Eine Großstudie amerikanischer Forscher beweist: Impfungen könnten den weltweit häufigen Gebärmutterhalskrebs verhindern.
aus DER SPIEGEL 49/2002

Seit drei Jahrzehnten ist Harald zur Hausen, Virologe am Deutschen Krebsforschungszentrum in Heidelberg, den Bösewichtern auf der Spur: »Schon in den siebziger Jahren hatte ich den Verdacht«, sagt der nun 66-jährige Forscher, »dass die so genannten Papillomaviren mit Krebs zu tun haben.«

Tatsächlich entdeckten er und seine Mitarbeiter dann im Tumorgewebe von Frauen, die an Gebärmutterhalskrebs litten, besonders gefährliche Vertreter dieser als »HPV« ("Human Papillomavirus") bezeichneten Spezies.

Alle Versuche, die Pharmaindustrie für die Herstellung eines Impfstoffs gegen den offenbar Krebs auslösenden Erreger HPV-16 zu interessieren, seien damals jedoch »kläglich gescheitert«, sagt der Wissenschaftler - wofür er Verständnis hat, denn noch »kamen aus unterschiedlichen Forschungslabors widersprüchliche Befunde«.

Nun ist der »enorm weite und schwierige Weg« (zur Hausen) offenbar zu einem guten Ende gekommen: In einer Studie haben amerikanische Kollegen erstmals klar gezeigt, dass eine Impfung einer HPV-16-Infektion - und damit auch dem weit verbreiteten Gebärmutterhalskrebs - vorbeugen kann. Übertragen werden die Viren beim Sex - bei Frauen und bei Männern können sie gleichermaßen eine Infektion der Genitalien auslösen.

Nachdem dieser »neue Schritt in der Krebsprävention« getan ist, glaubt zur Hausen, »wird es zügig weitergehen": Sei die erfolgreich getestete Vakzine erst zugelassen, werde der Gebärmutterhalskrebs »signifikant zurückgehen«.

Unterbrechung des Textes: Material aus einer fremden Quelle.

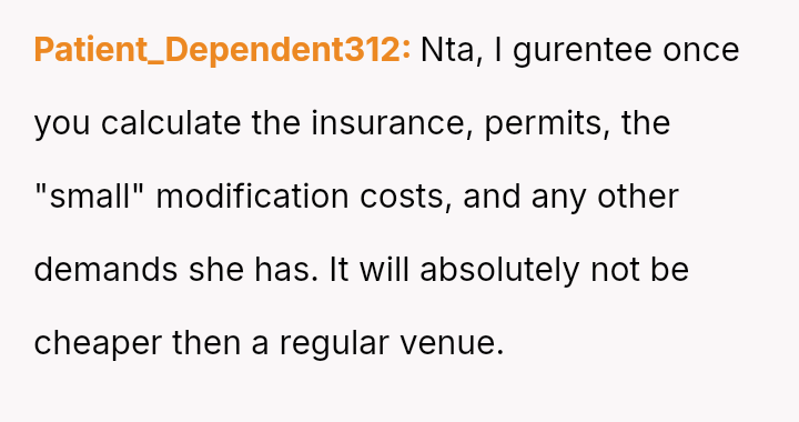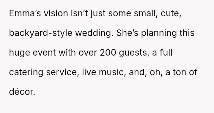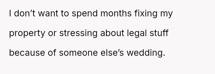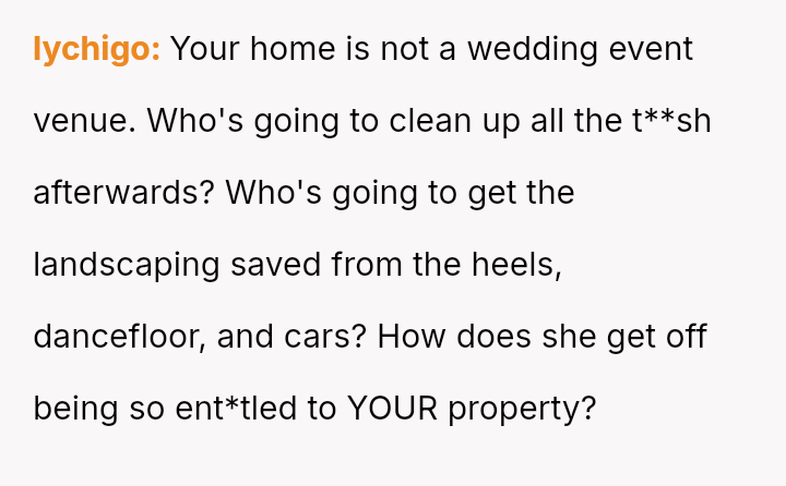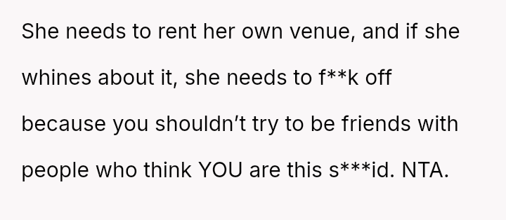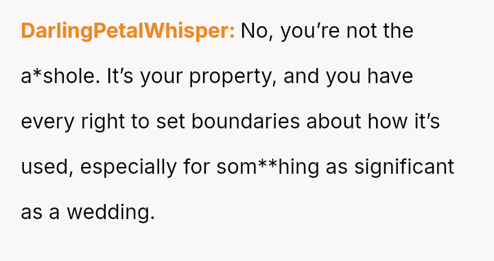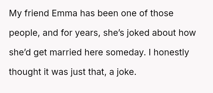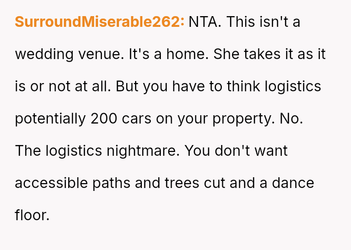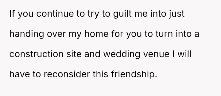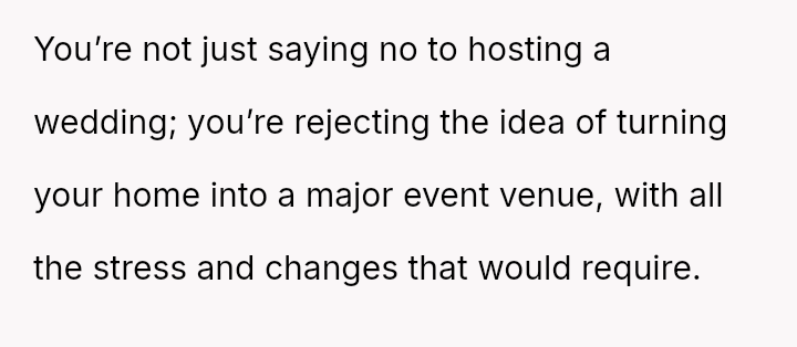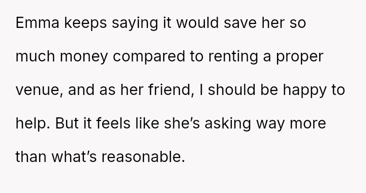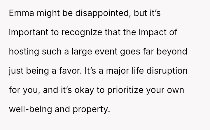 The central question is whether the OP was wrong (an 'a*shole') to refuse hosting a ma*sive wedding that required fundamental alterations to their private property, or if the friend, Emma, was unreasonable in demanding such extensive use and modification of a space that is not a commercial venue. Where should the boundary lie between friendship expectations and property rights?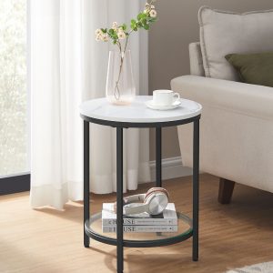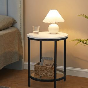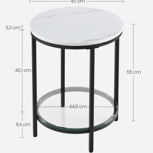 Descubre la fusión perfecta del minimalismo moderno y la elegancia atemporal con nuestra mesa auxiliar. Su marco negro clásico y líneas limpias se complementan a la perfección con una encimera de mármol blanco y un estante de vidrio, inyectando un toque único y personal a tu espacio.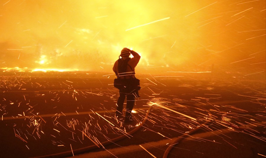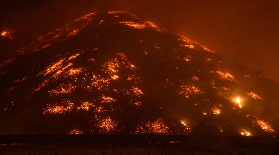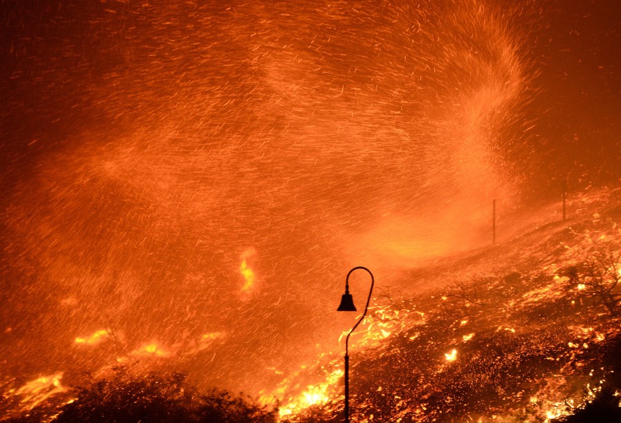 Read moreFire photographer Tod Sudmeier gets hit with flying embers from strong winds at the Solimar brush fire in Ventura County, California, on December 26, 2015. The wildfire burned over 1,000 acres of land, forced the closure of parts of two major highways and led to evacuations on Saturday, fire officials said. #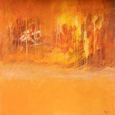 Each canvas in Cascade of Shades feels alive with motion—not in the literal sense, but in how it unfolds across time and mood. A painting seen in morning light might feel entirely different by dusk. These are not static pieces, they evolve with the viewer.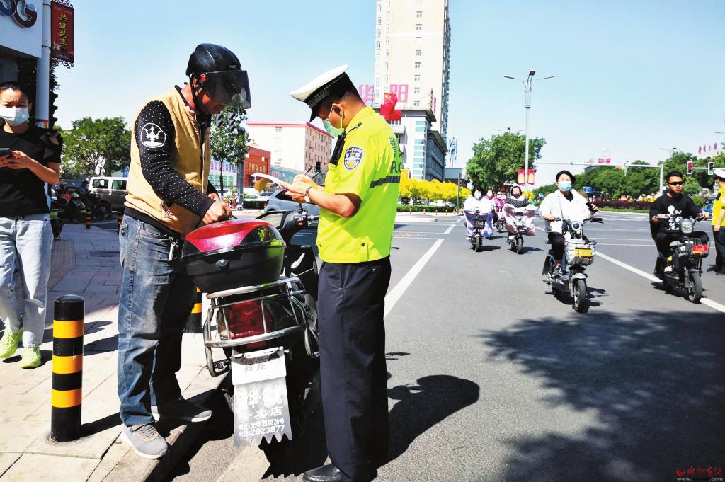 个别市民为了抢几十秒时间,少走几百米路,骑电动车闯红灯、逆行,结果收到交警的罚单。5月27日,在城区建设路与长征街路口,执勤交警一边开罚单,一边苦口婆心地劝说交通违法者:“为了自己和他人的安全,一定要遵守交通法规,摒弃交通陋习,远离交通事故。”(记者 张剑雄 摄)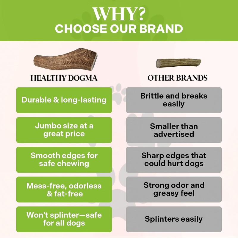 - 4. Jumbo-Size Premium Elk Antler – Ideal for Tough Chewers: Healthy Dogma elk antler for dogs withstands aggressive chewing, offering long-lasting durability. Each antler dog chew measures over 8 inches in length and weighs approximately 12–15 ounces, making it perfect for large dogs and aggressive chewers.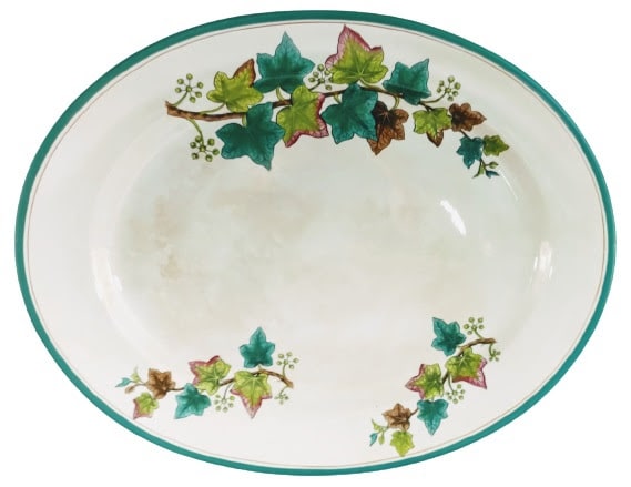 Platter, 18 x 14.5 inches. Black transfer with polychrome clobbering. Printed maker's mark for Thomas Booth & Sons of the New Hall Pottery in Hanley, Staffordshire, England. This simple pattern features three branches of English ivy placed opposite each other on two sides and a simple double line in green and brown.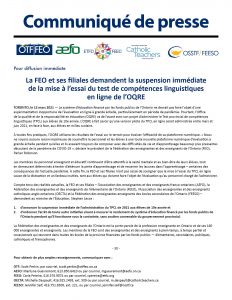 ← Retourner Nouvelles de dernière heure le 12 mars 2021 La FEO et ses filiales demandent la suspension immédiate de la mise à l’essai du test de compétences linguistiques en ligne de l’OQRE Cliquez sur l’image au dessous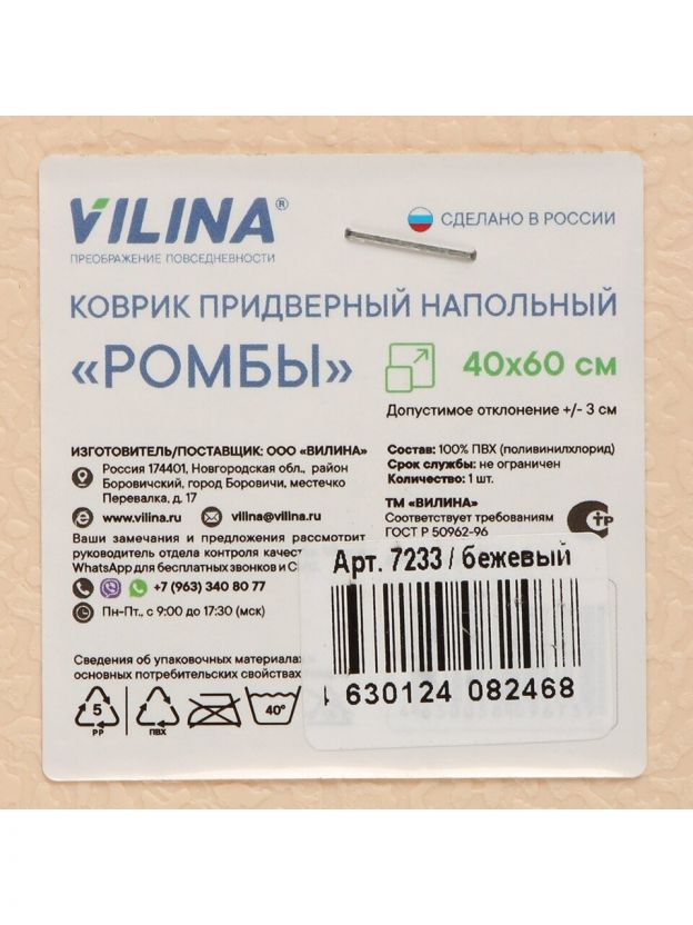 Коврик изготовлен из высококачественного ПВХ, что гарантирует долговечность и простоту ухода. Материал устойчив к влаге, не впитывает воду и быстро сохнет, предотвращая образование неприятных запахов и плесени. Антискользящая поверхность обеспечивает максимальную безопасность даже при попадании воды, что особенно важно для семей с детьми и пожилыми людьми.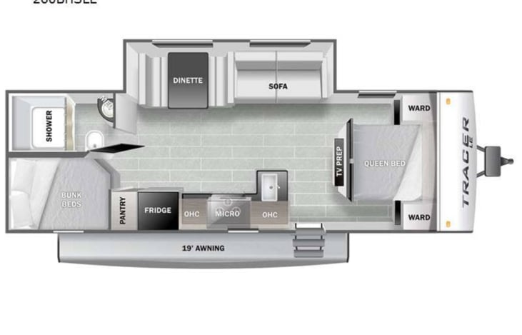 Take the whole squad along (6) in the Tracer 260BHSLE. This model weighs in at just over 5,000 lbs. without sacrificing space (1/2 towable). The front queen bedroom is separated from the rest of the coach by a partial wall and solid doors for added privacy, while the rear bunk room provides a pair of roomy double-over-double bunks.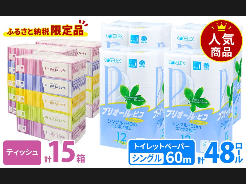 プリオール・ピコ トイレット ペーパー シングル 60m 12ロール 4パック & ...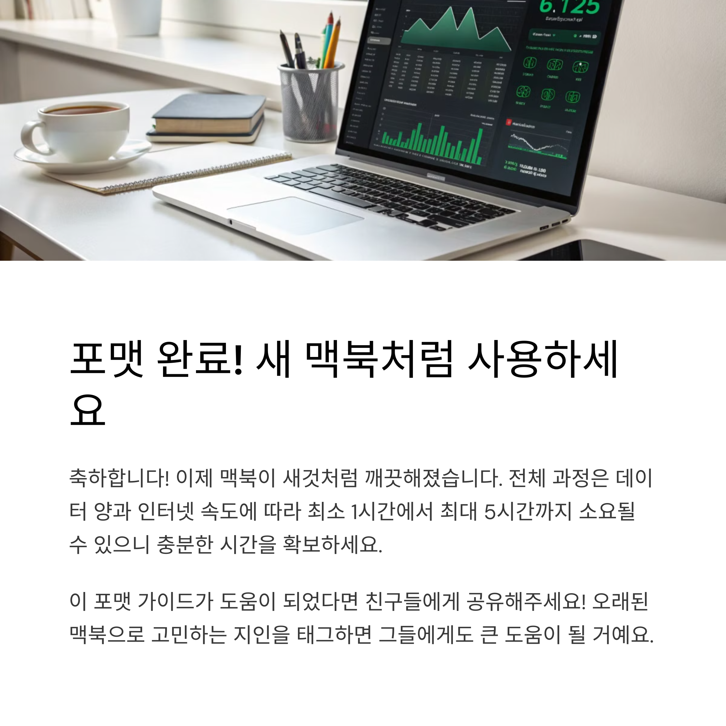 맥북 포맷은 간단하지만 중요한 단계입니다. 이 가이드를 따라 진행하시면 데이터 백업과 복구 모드 진입부터 macOS 재설치까지 순차적으로 진행할 수 있습니다. 포맷이 완료되면 맥북이 새롭게 설정되어 초기 상태로 돌아갑니다. 사용하시기 전에 꼭 중요한 데이터를 백업해 두시기 바랍니다.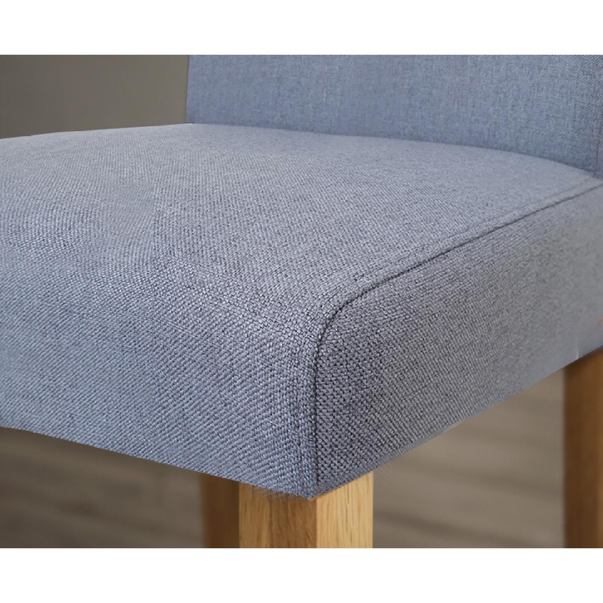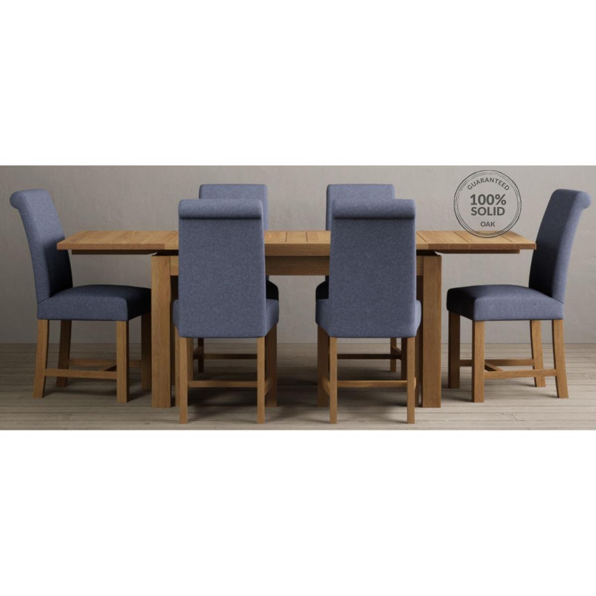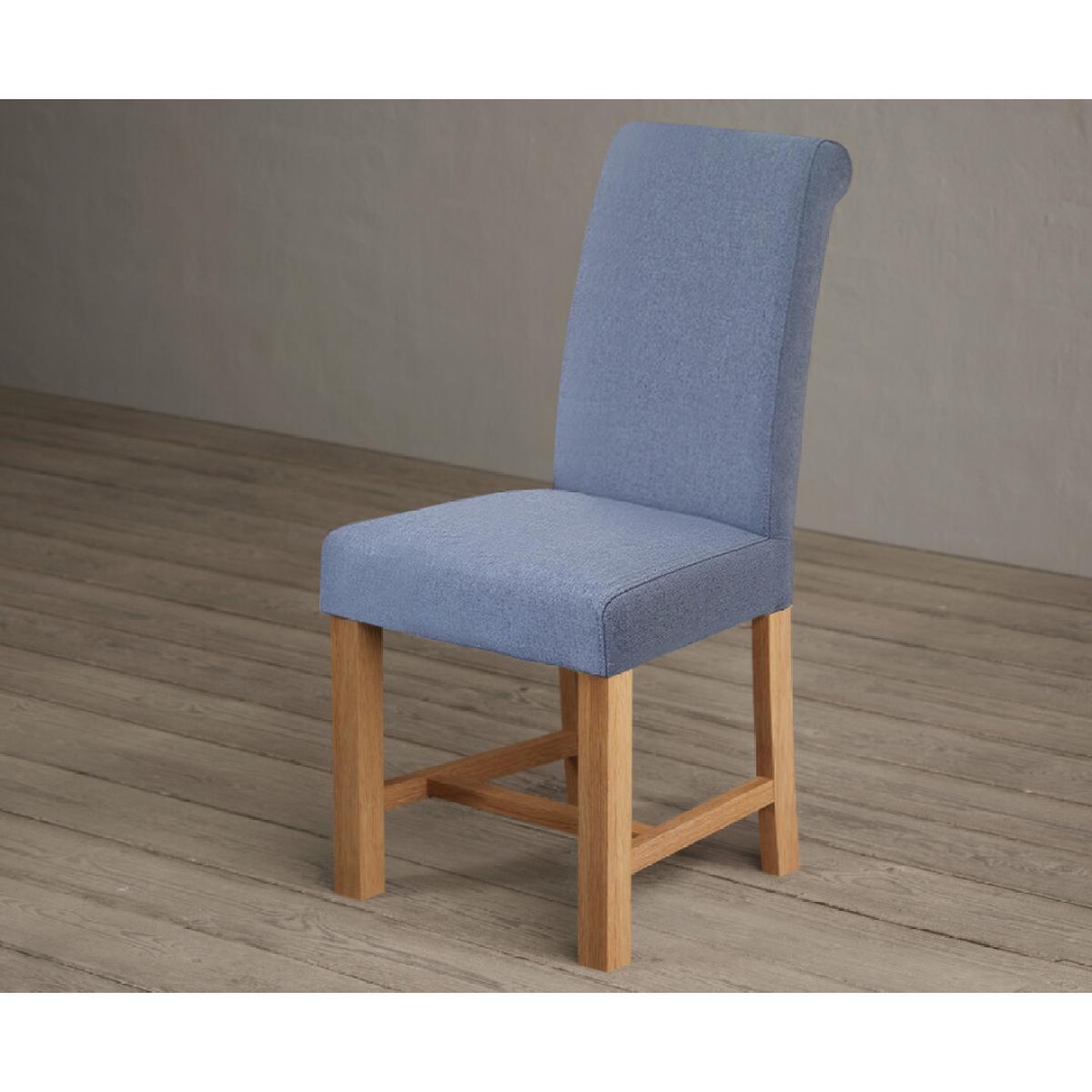 Braced Leg Blue Fabric Dining Chairs feature solid oak legs and chic blue fabric upholstery, perfect to match with your oak dining table.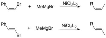 Tanto los haluros de olefina cis como los trans promueven la retención general de la configuración geométrica cuando se combinan con un alquilo de Grignard. Esta observación es independiente de otros factores, incluida la elección de los ligandos del catalizador y los sustituyentes vinílicos.[12]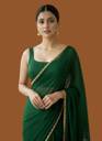 Solid/Plain Bollywood Silk Blend Saree (Dark Green)
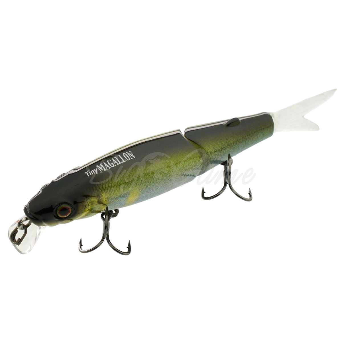 Tiny Magallon – двухсоставной воблер с оригинальным дизайном. В хвостовой части располагается мягкий, но стойкий к щучим зубам, хвостик, который при проводке дополнительно соблазняет рыбу. Даже при малой амплитуде рывков спиннинга совершает размашистые развороты и кульбиты в воде, соблазняя даже не активного хищника. Одна из самых добычливых приманок по щуке!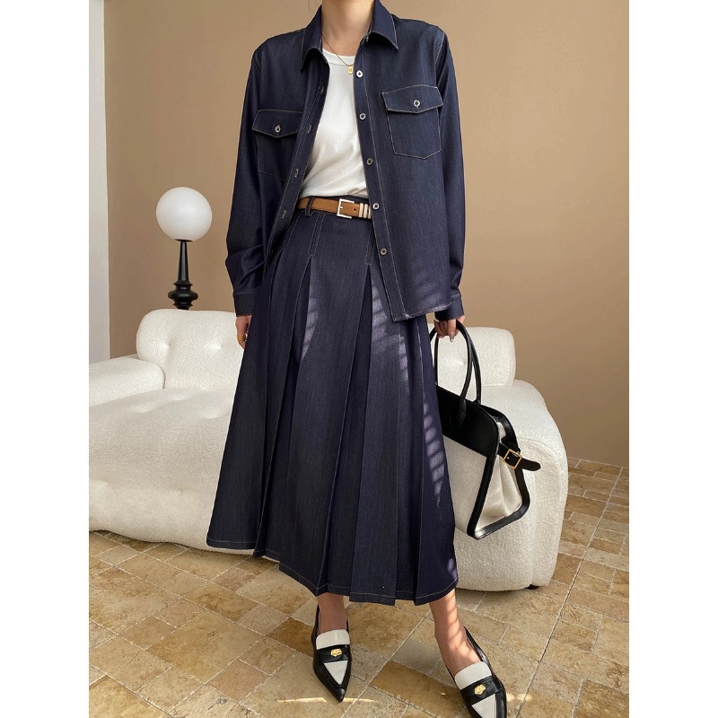 Sinan 초가을 신상 텐셀 레트로 데님 셔츠 하이웨이스트 플리츠 스커트 슈트 SN7073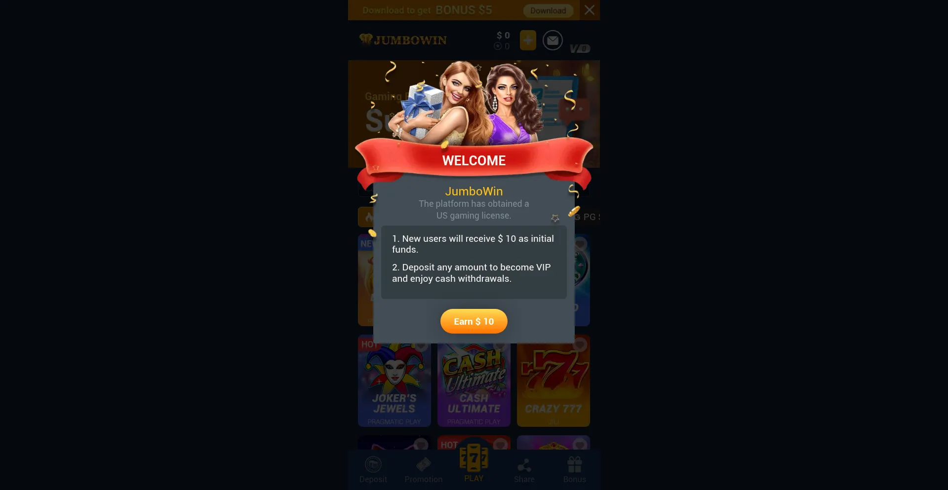 Play 500+ real money slots at JumboWin! Spin the hottest slots games and chase jackpots,like Joker's Jewels, Gold Party, and Fruits slots. Play Now!!

Als erste von mehren Forschergruppen, die gegenwärtig die Wirksamkeit von HPV-Impfungen nachzuweisen versuchen, hat das Team um die Epidemiologin Laura Koutsky die Bestätigung geliefert: Gemeinsam testeten die Wissenschaftler von vier US-Universitäten und Pharmaforscher des Merck-Konzerns die Vakzine an 2392 jungen Frauen. Die Hälfte von ihnen erhielt, ohne ihr Wissen, mit der Impfspritze nur ein Placebo, ein Scheinmedikament.

Die echte Vakzine besteht aus Eiweißpartikeln, die dem Virus nur äußerlich ähneln und so den Organismus zur Gegenwehr stimulieren: Der Körper produziert bei Virusattacken große Mengen schützender Antikörper, die sämtliche Schleimhäute abschirmen.

Im Laufe von fast eineinhalb Jahren entwickelten sich bei den Teilnehmerinnen der neuen Studie insgesamt neun Fälle von HPV-16-Tumoren am Gebärmutterhals - doch seien sie ausnahmslos, so berichten die Forscher im »New England Journal of Medicine«, in der Placebo-Gruppe aufgetreten.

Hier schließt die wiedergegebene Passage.